TASK TO COMPLETE: Your answer must be an exact copy of the data, without any pictures.

THE DATA:
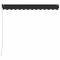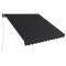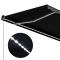 Auvent manuel rétractable avec LED 350x250 cm AnthraciteCréez un endroit agréable et frais sur votre terrasse et protégez-vous des rayons UV avec notre auvent rétractable manuel ! Cet auvent est idéal pour l'ombrage des fenêtres, dans les balcons, terrasses, cafés, ainsi que dans les restaurants avec vérandas arrière. Construit avec un cadre en aluminium résistant à la rouille et enduit de poudre, une conception légère et une structure solide, cet auvent peut résister à une certaine échelle de puissance du vent. Le tissu de l'auvent à bras pliable est en polyester haute densité avec revêtement PU, résistant à l'eau et aux UV et à la décoloration. L'angle et la hauteur peuvent être ajustés pour répondre à vos besoins spécifiques. Vous pouvez ouvrir et rétracter l'auvent extérieur en douceur via la manivelle longue. De plus, les lumières LED à énergie solaire sont attachées au bras, en fournissant de l'éclairage efficient en énergie la nuit. L'auvent avec LED est facile à monter sur le mur. Le matériel de montage et le manuel nécessaires sont inclus dans la livraison. Le mode d'emploi doit être lu avant le montage et l'utilisation du produit. Conservez ce manuel pour pouvoir vous y référer ultérieurement. Ce produit est destiné à être utilisé à l'extérieur et à l'intérieur comme protection solaire ou décoration uniquement. Ne l'utilisez jamais à d'autres fins et ne le modifiez pas. Ne l'utilisez pas dans des endroits soumis à des vibrations, à des impulsions ou à des températures élevées, comme les murs situés à proximité d'un four. Portez toujours un équipement de protection individuelle approprié lorsque vous montez et réglez le store. Il y a un risque de chute lors de travaux en hauteur, utilisez une protection anti-chute appropriée. Soyez prudent lors de l'installation, des risques d'écrasement et de cisaillement peuvent exister. N'enlevez PAS les bandes de sécurité. Ils ne peuvent être enlevés qu'une fois que toutes les étapes de l'assemblage sont terminées, que tous les boulons sont fixés et que l'article est fixé au mur. Des blessures graves peuvent résulter d'un retrait prématuré de l'emballage. Ce produit et ses pièces de fixation ne conviennent que pour une installation sur un mur en ciment ordinaire ou sur une maçonnerie stable et non enduite. Si le mur/la maçonnerie présente des fissures, vous devez consulter un professionnel. Si votre bâtiment possède une enveloppe extérieure (telle qu'une isolation, un double mur en briques ou un parement en briques), l'installation doit être effectuée par un professionnel. Ne l'installez jamais dans des endroits élevés et venteux, car le parasol pourrait tomber et blesser des personnes. N'installez pas le store si des pièces endommagées ou manquantes sont trouvées. Le store extérieur doit être rétracté si la vitesse du vent est supérieure à 28km/h. Avant d'ouvrir le store, assurez-vous que tous les supports sont solidement fixés aux montants du mur et que tous les boulons sont correctement serrés. FERMEZ TOUJOURS le store en cas de vent fort ou de bourrasque, de pluie et lorsqu'il n'est pas utilisé. Le non-respect de cette consigne peut entraîner des blessures corporelles et/ou des dommages matériels. De plus, les bras d'extension sont soumis à une forte tension et peuvent causer des dommages ou des blessures graves. Les enfants doivent être surveillés pour s'assurer qu'ils ne jouent pas avec l'appareil. N'utilisez pas l'appareil si une réparation ou un réglage est nécessaire. N'utilisez pas le store lorsque des travaux d'entretien, tels que le nettoyage des vitres, sont effectués à proximité. L'utilisation dans des conditions de gel peut endommager le store. Ne placez pas d'objets lourds sur l'armature, car ils pourraient tomber et causer des dommages. Des fixations trop serrées ou trop lâches peuvent endommager le produit ou être dangereuses pour les personnes. Attention : La toile ne doit pas être enfoncée pendant le fonctionnement, sinon l'eau s'y accumulera. Veuillez ne pas décoller et laver le tissu. Si vous devez remplacer le tissu, demandez l'aide d'experts. Faites attention lorsque vous actionnez le déverrouillage manuel alors que le store extérieur est rétracté, car il peut tomber rapidement si les ressorts sont faibles ou cassés. Danger ! Ressort fort lors de l'ouverture. Ne retirez pas cette corde si vous n'avez pas terminé toutes les étapes d'assemblage avec tous les boulons fixés et l'article fixé au mur ! Avertissement! Faire attention en desserrant les bras, car ils sont sous tension ! Un relâchement soudain du bras d'un auvent à bras articulés peut provoquer des blessures. Avertissement : Les instructions d'utilisation doivent être lues avant d'utiliser le produit. Avertissement: Le fonctionnement dans des conditions de gel peut endommager le produit. Utilisation externe dans les bâtiments et autres travaux de construction. GPSR
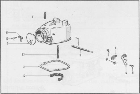 3. Remove the choke shaft nut, lockwasher and spacer. Then remove the shaft and lever assembly and the thermostat lever, link and piston assembly.
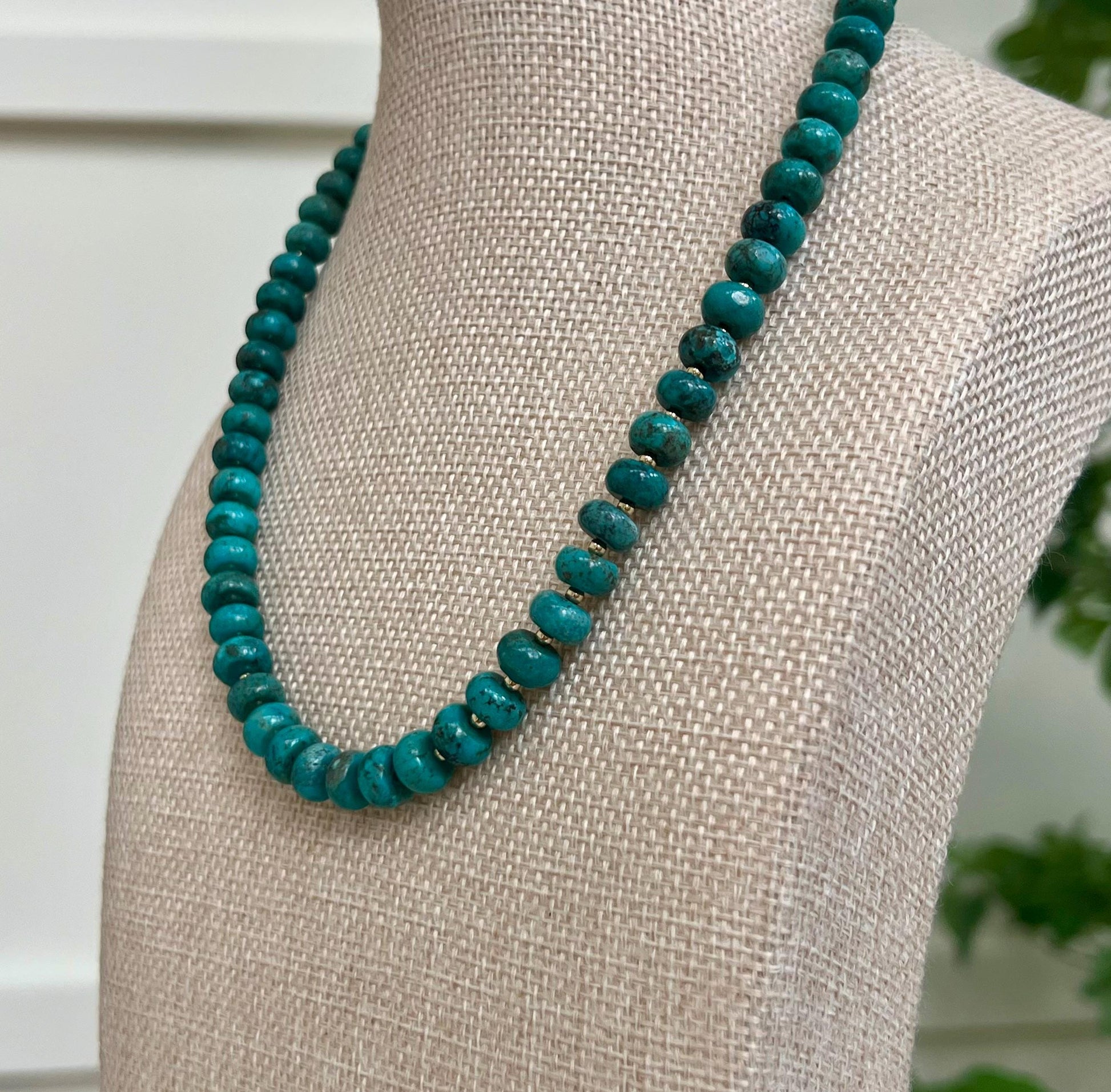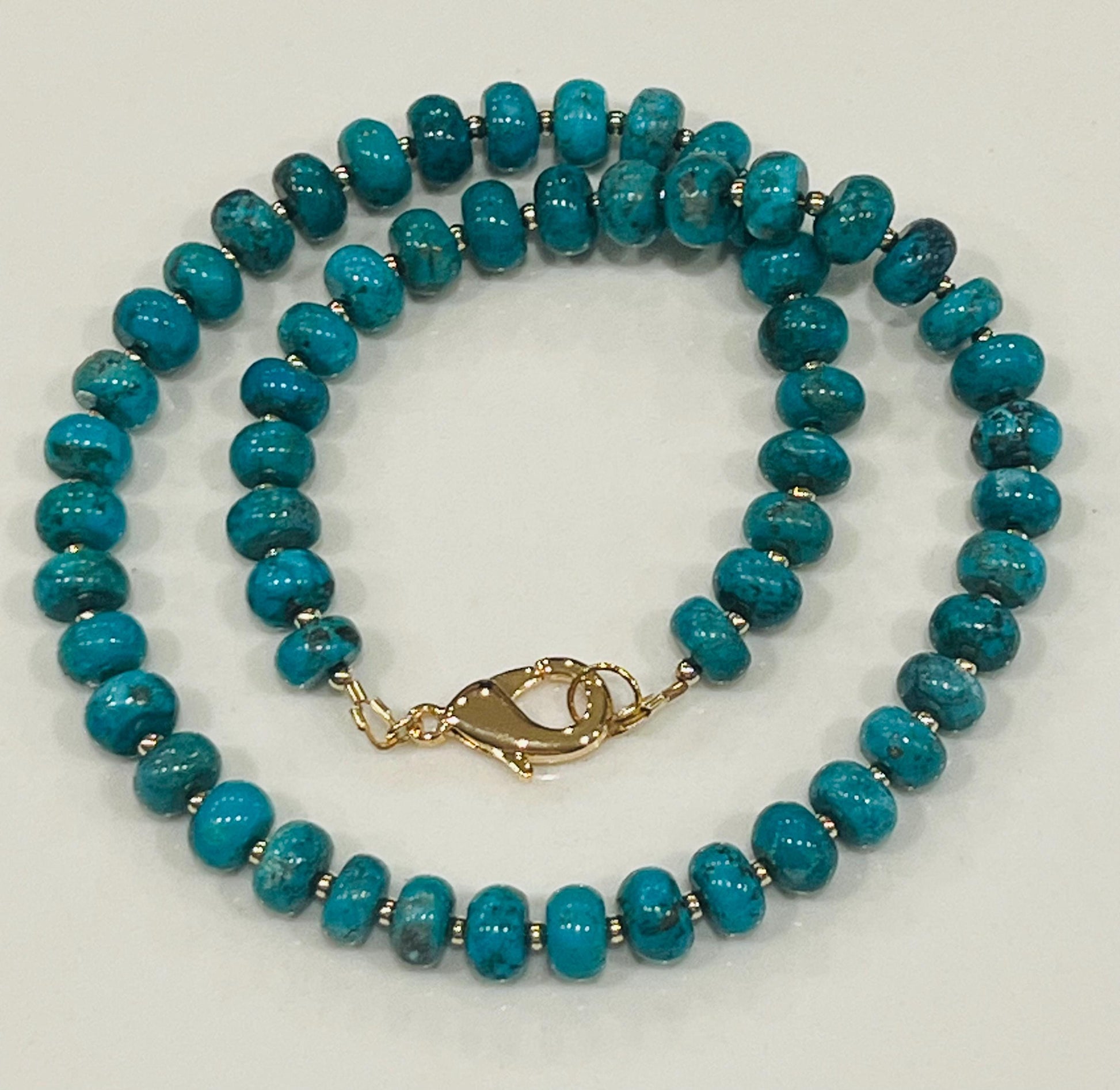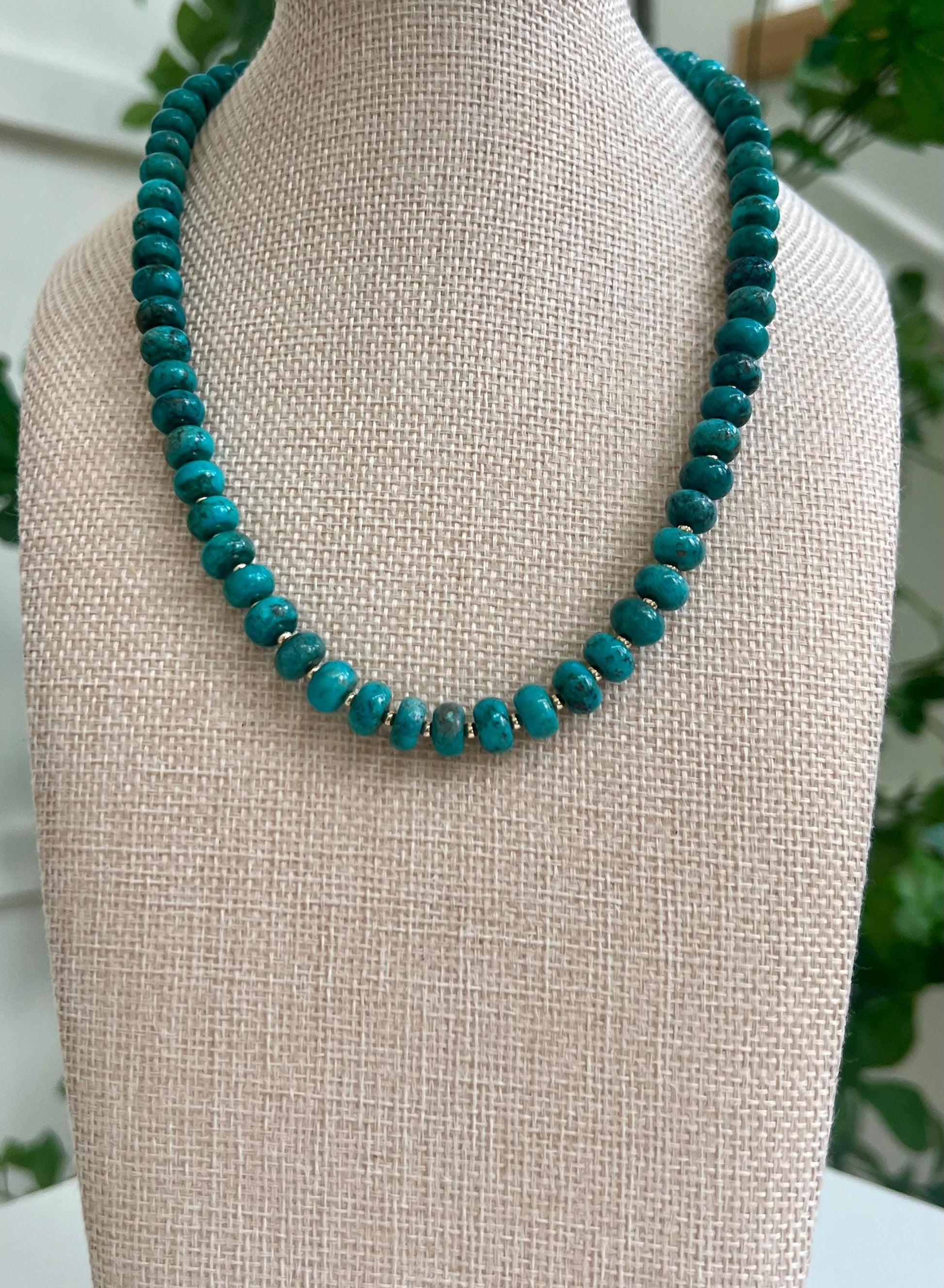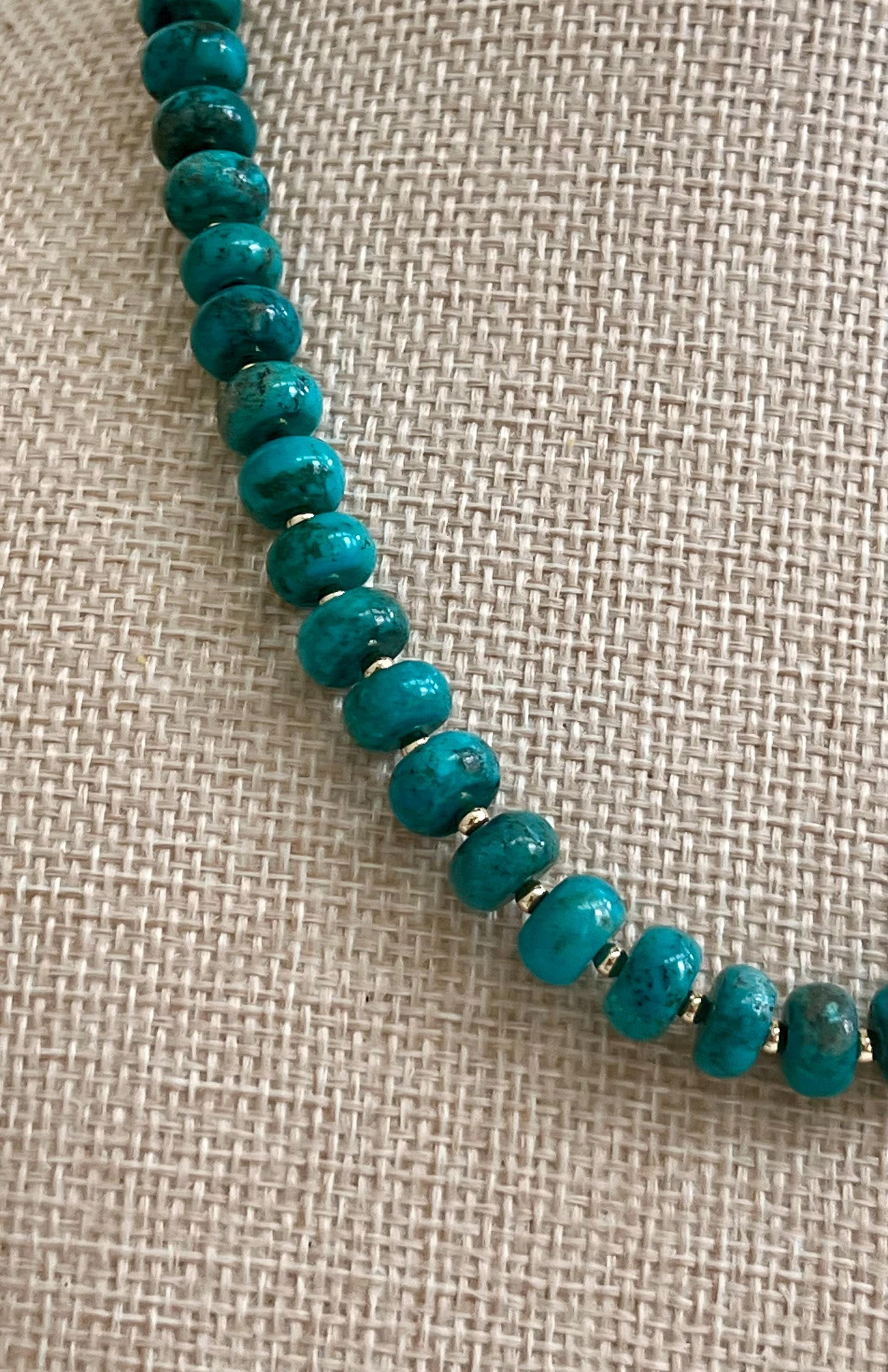 Natural Gemstone Necklace. 5x8mm smooth rondelle natural blue turquoise beaded necklace with gold filled lobster clasp and gold filled accent beads between each turquoise stone. Arrives thoughtfully packaged in an eco-friendly kraft box wrapped in ribbon, ready for gifting or keeping for yourself.

RESULT OF THE TASK:
 Auvent manuel rétractable avec LED 350x250 cm AnthraciteCréez un endroit agréable et frais sur votre terrasse et protégez-vous des rayons UV avec notre auvent rétractable manuel ! Cet auvent est idéal pour l'ombrage des fenêtres, dans les balcons, terrasses, cafés, ainsi que dans les restaurants avec vérandas arrière. Construit avec un cadre en aluminium résistant à la rouille et enduit de poudre, une conception légère et une structure solide, cet auvent peut résister à une certaine échelle de puissance du vent. Le tissu de l'auvent à bras pliable est en polyester haute densité avec revêtement PU, résistant à l'eau et aux UV et à la décoloration. L'angle et la hauteur peuvent être ajustés pour répondre à vos besoins spécifiques. Vous pouvez ouvrir et rétracter l'auvent extérieur en douceur via la manivelle longue. De plus, les lumières LED à énergie solaire sont attachées au bras, en fournissant de l'éclairage efficient en énergie la nuit. L'auvent avec LED est facile à monter sur le mur. Le matériel de montage et le manuel nécessaires sont inclus dans la livraison. Le mode d'emploi doit être lu avant le montage et l'utilisation du produit. Conservez ce manuel pour pouvoir vous y référer ultérieurement. Ce produit est destiné à être utilisé à l'extérieur et à l'intérieur comme protection solaire ou décoration uniquement. Ne l'utilisez jamais à d'autres fins et ne le modifiez pas. Ne l'utilisez pas dans des endroits soumis à des vibrations, à des impulsions ou à des températures élevées, comme les murs situés à proximité d'un four. Portez toujours un équipement de protection individuelle approprié lorsque vous montez et réglez le store. Il y a un risque de chute lors de travaux en hauteur, utilisez une protection anti-chute appropriée. Soyez prudent lors de l'installation, des risques d'écrasement et de cisaillement peuvent exister. N'enlevez PAS les bandes de sécurité. Ils ne peuvent être enlevés qu'une fois que toutes les étapes de l'assemblage sont terminées, que tous les boulons sont fixés et que l'article est fixé au mur. Des blessures graves peuvent résulter d'un retrait prématuré de l'emballage. Ce produit et ses pièces de fixation ne conviennent que pour une installation sur un mur en ciment ordinaire ou sur une maçonnerie stable et non enduite. Si le mur/la maçonnerie présente des fissures, vous devez consulter un professionnel. Si votre bâtiment possède une enveloppe extérieure (telle qu'une isolation, un double mur en briques ou un parement en briques), l'installation doit être effectuée par un professionnel. Ne l'installez jamais dans des endroits élevés et venteux, car le parasol pourrait tomber et blesser des personnes. N'installez pas le store si des pièces endommagées ou manquantes sont trouvées. Le store extérieur doit être rétracté si la vitesse du vent est supérieure à 28km/h. Avant d'ouvrir le store, assurez-vous que tous les supports sont solidement fixés aux montants du mur et que tous les boulons sont correctement serrés. FERMEZ TOUJOURS le store en cas de vent fort ou de bourrasque, de pluie et lorsqu'il n'est pas utilisé. Le non-respect de cette consigne peut entraîner des blessures corporelles et/ou des dommages matériels. De plus, les bras d'extension sont soumis à une forte tension et peuvent causer des dommages ou des blessures graves. Les enfants doivent être surveillés pour s'assurer qu'ils ne jouent pas avec l'appareil. N'utilisez pas l'appareil si une réparation ou un réglage est nécessaire. N'utilisez pas le store lorsque des travaux d'entretien, tels que le nettoyage des vitres, sont effectués à proximité. L'utilisation dans des conditions de gel peut endommager le store. Ne placez pas d'objets lourds sur l'armature, car ils pourraient tomber et causer des dommages. Des fixations trop serrées ou trop lâches peuvent endommager le produit ou être dangereuses pour les personnes. Attention : La toile ne doit pas être enfoncée pendant le fonctionnement, sinon l'eau s'y accumulera. Veuillez ne pas décoller et laver le tissu. Si vous devez remplacer le tissu, demandez l'aide d'experts. Faites attention lorsque vous actionnez le déverrouillage manuel alors que le store extérieur est rétracté, car il peut tomber rapidement si les ressorts sont faibles ou cassés. Danger ! Ressort fort lors de l'ouverture. Ne retirez pas cette corde si vous n'avez pas terminé toutes les étapes d'assemblage avec tous les boulons fixés et l'article fixé au mur ! Avertissement! Faire attention en desserrant les bras, car ils sont sous tension ! Un relâchement soudain du bras d'un auvent à bras articulés peut provoquer des blessures. Avertissement : Les instructions d'utilisation doivent être lues avant d'utiliser le produit. Avertissement: Le fonctionnement dans des conditions de gel peut endommager le produit. Utilisation externe dans les bâtiments et autres travaux de construction. GPSR
 3. Remove the choke shaft nut, lockwasher and spacer. Then remove the shaft and lever assembly and the thermostat lever, link and piston assembly.
 Natural Gemstone Necklace. 5x8mm smooth rondelle natural blue turquoise beaded necklace with gold filled lobster clasp and gold filled accent beads between each turquoise stone. Arrives thoughtfully packaged in an eco-friendly kraft box wrapped in ribbon, ready for gifting or keeping for yourself.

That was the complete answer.